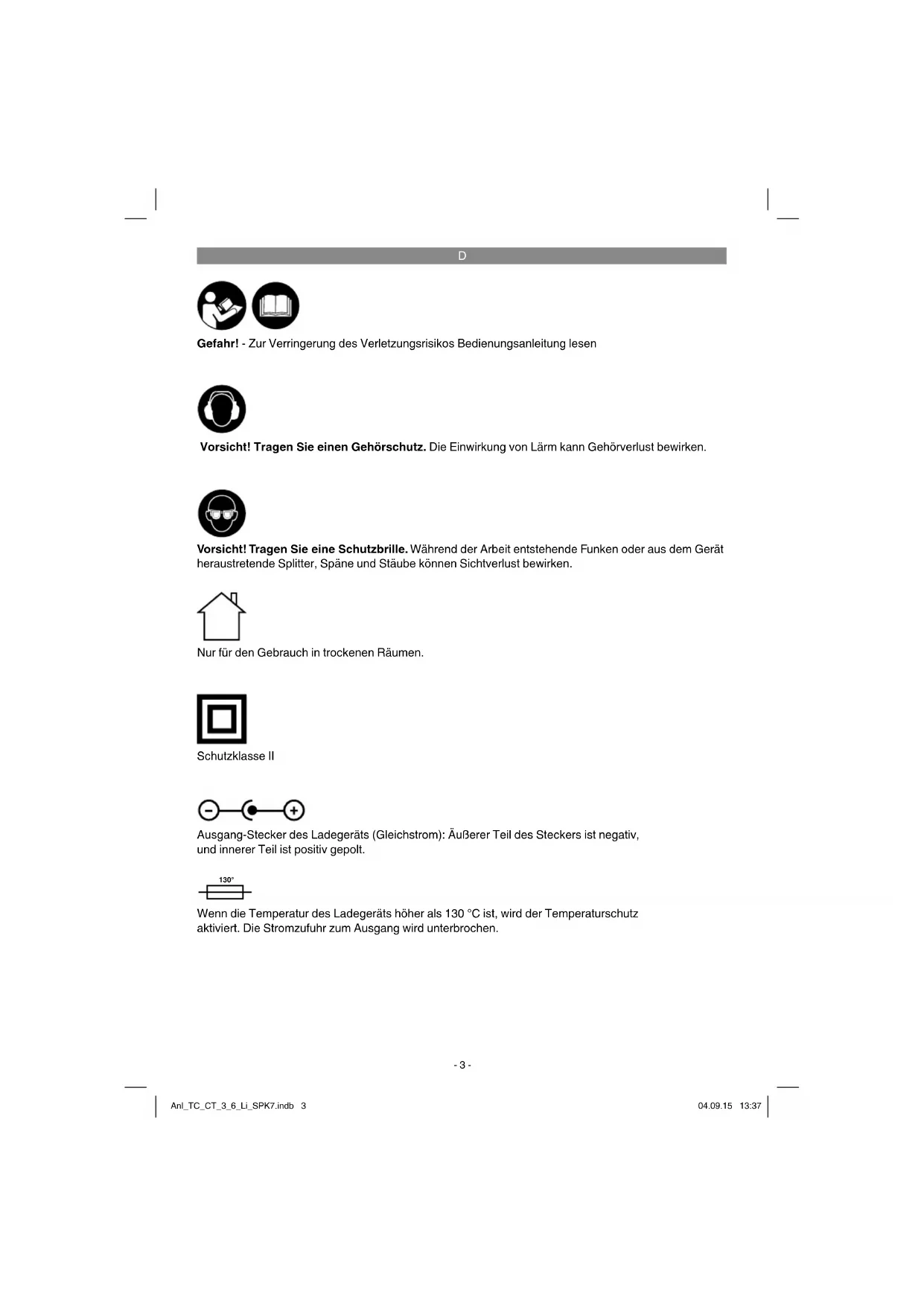 Gefahr! - Zur Verringerung des Verletzungsrisikos Bedienungsanleitung lesen Vorsicht! Tragen Sie einen Gehörschutz. Die Einwirkung von Lärm kann Gehörverlust bewirken. Vorsicht! Tragen Sie eine Schutzbrille. Während der Arbeit entstehende Funken oder aus dem Gerät heraustretende Splitter, Späne und Stäube können Sichtverlust bewirken. Nur für den Gebrauch in trockenen Räumen. Schutzklasse II Ausgang-Stecker des Ladegeräts (Gleichstrom): Äußerer Teil des Steckers ist negativ, und innerer Teil ist positiv gepolt. 130° Wenn die Temperatur des Ladegeräts höher als 130 °C ist, wird der Temperaturschutz aktiviert. Die Stromzufuhr zum Ausgang wird unterbrochen. Anl_TC_CT_3_6_Li_SPK7.indb 3Anl_TC_CT_3_6_Li_SPK7.indb 3 04.09.15 13:3704.09.15 13:37D
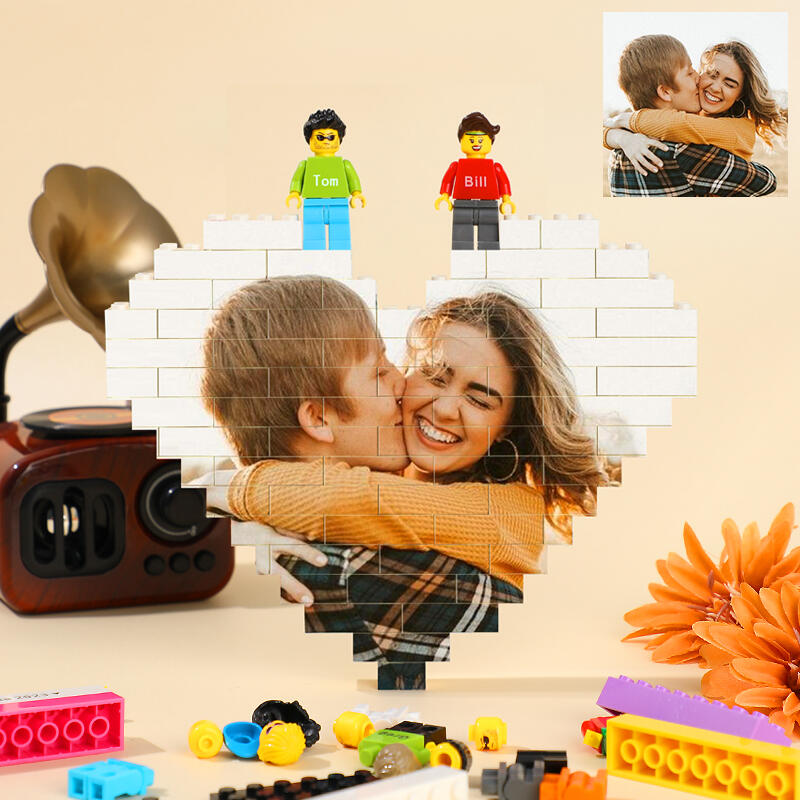 Mattoncini fotografici personalizzati a forma di cuore con minifigure Regalo per San Valentino
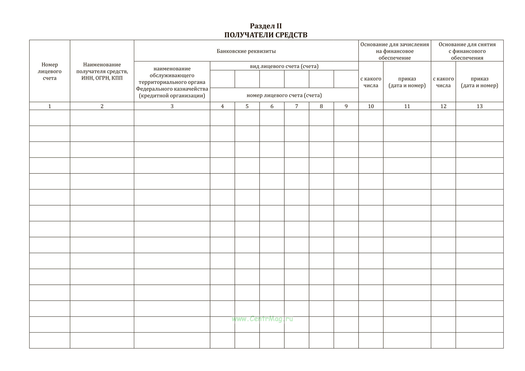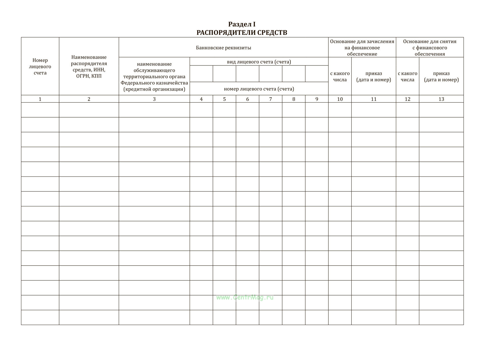В книге открываются два раздела: раздел I - для учета распорядителей и раздел II - для учета получателей средств.
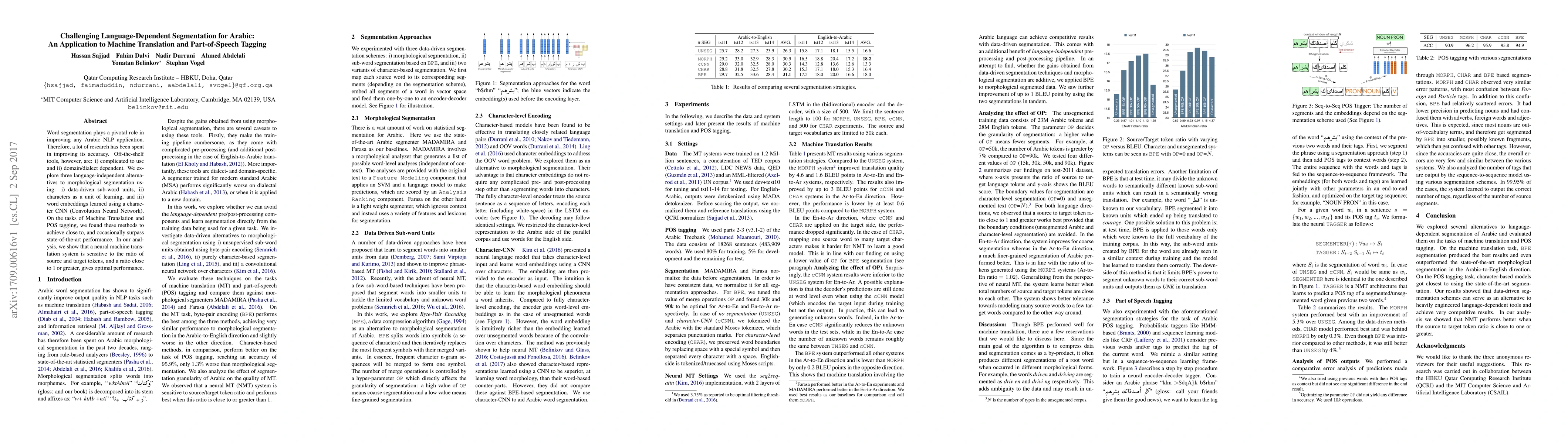 Word segmentation plays a pivotal role in improving any Arabic NLP application. Therefore, a lot of research has been spent in improving its accuracy. Off-the-shelf tools, however, are: i) complicated to use and ii) domain/dialect dependent. We explore three language-independent alternatives to morphological segmentation using: i) data-driven sub-word units, ii) characters as a unit of learning, and iii) word embeddings learned using a character CNN (Convolution Neural Network). On the tasks of Machine Translation and POS tagging, we found these methods to achieve close to, and occasionally surpass state-of-the-art performance. In our analysis, we show that a neural machine translation system is sensitive to the ratio of source and target tokens, and a ratio close to 1 or greater, gives optimal performance.
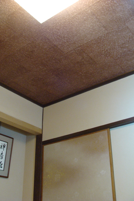 天井/柿渋引き 手揉み紙・小判石垣張り
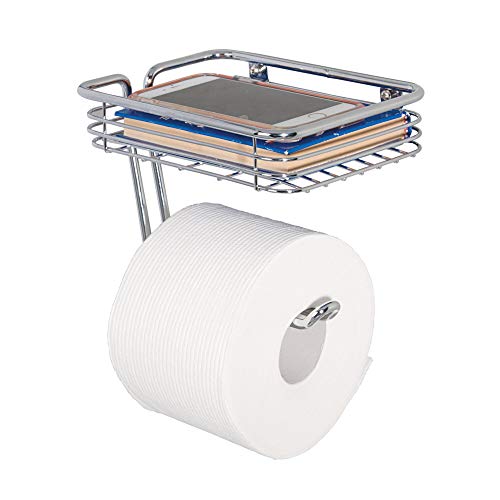 iDesign Classico Metal Wall Mount Toilet Paper Holder with Wire Shelf for Master, Guest, Kid's Bathroom, 7.25" x 5.25" x 5.3", Chrome
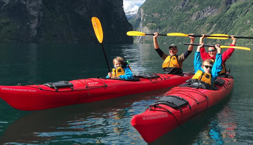 If you have kids 8 years and over, I recommend an afternoon of family kayaking. The water is so still at the end of the fjord, its like paddling on a serene lake, so no fear of choppy water, getting lost at sea or (heaven forbid) capsizing the boat! Kayaks seat 2 (1 adult & 1 child or 2 adults) and can be hired by the hour or as part of a group tour. If you are not familiar with kayaking, I’d recommend the Discover Kayaking tour which takes 2.5 hours. For more information and to book, visit the Geiranger Fjord Service website.

**DIRECTIONS FOR THIS TASK:**
Repeat the records above exactly, from the first line through the line containing "iDesign Classico Metal", and leave out the pictures.

**RESPONSE BELOW:**
 Gefahr! - Zur Verringerung des Verletzungsrisikos Bedienungsanleitung lesen Vorsicht! Tragen Sie einen Gehörschutz. Die Einwirkung von Lärm kann Gehörverlust bewirken. Vorsicht! Tragen Sie eine Schutzbrille. Während der Arbeit entstehende Funken oder aus dem Gerät heraustretende Splitter, Späne und Stäube können Sichtverlust bewirken. Nur für den Gebrauch in trockenen Räumen. Schutzklasse II Ausgang-Stecker des Ladegeräts (Gleichstrom): Äußerer Teil des Steckers ist negativ, und innerer Teil ist positiv gepolt. 130° Wenn die Temperatur des Ladegeräts höher als 130 °C ist, wird der Temperaturschutz aktiviert. Die Stromzufuhr zum Ausgang wird unterbrochen. Anl_TC_CT_3_6_Li_SPK7.indb 3Anl_TC_CT_3_6_Li_SPK7.indb 3 04.09.15 13:3704.09.15 13:37D
 Mattoncini fotografici personalizzati a forma di cuore con minifigure Regalo per San Valentino
В книге открываются два раздела: раздел I - для учета распорядителей и раздел II - для учета получателей средств.
 Word segmentation plays a pivotal role in improving any Arabic NLP application. Therefore, a lot of research has been spent in improving its accuracy. Off-the-shelf tools, however, are: i) complicated to use and ii) domain/dialect dependent. We explore three language-independent alternatives to morphological segmentation using: i) data-driven sub-word units, ii) characters as a unit of learning, and iii) word embeddings learned using a character CNN (Convolution Neural Network). On the tasks of Machine Translation and POS tagging, we found these methods to achieve close to, and occasionally surpass state-of-the-art performance. In our analysis, we show that a neural machine translation system is sensitive to the ratio of source and target tokens, and a ratio close to 1 or greater, gives optimal performance.
 天井/柿渋引き 手揉み紙・小判石垣張り
 iDesign Classico Metal Wall Mount Toilet Paper Holder with Wire Shelf for Master, Guest, Kid's Bathroom, 7.25" x 5.25" x 5.3", Chrome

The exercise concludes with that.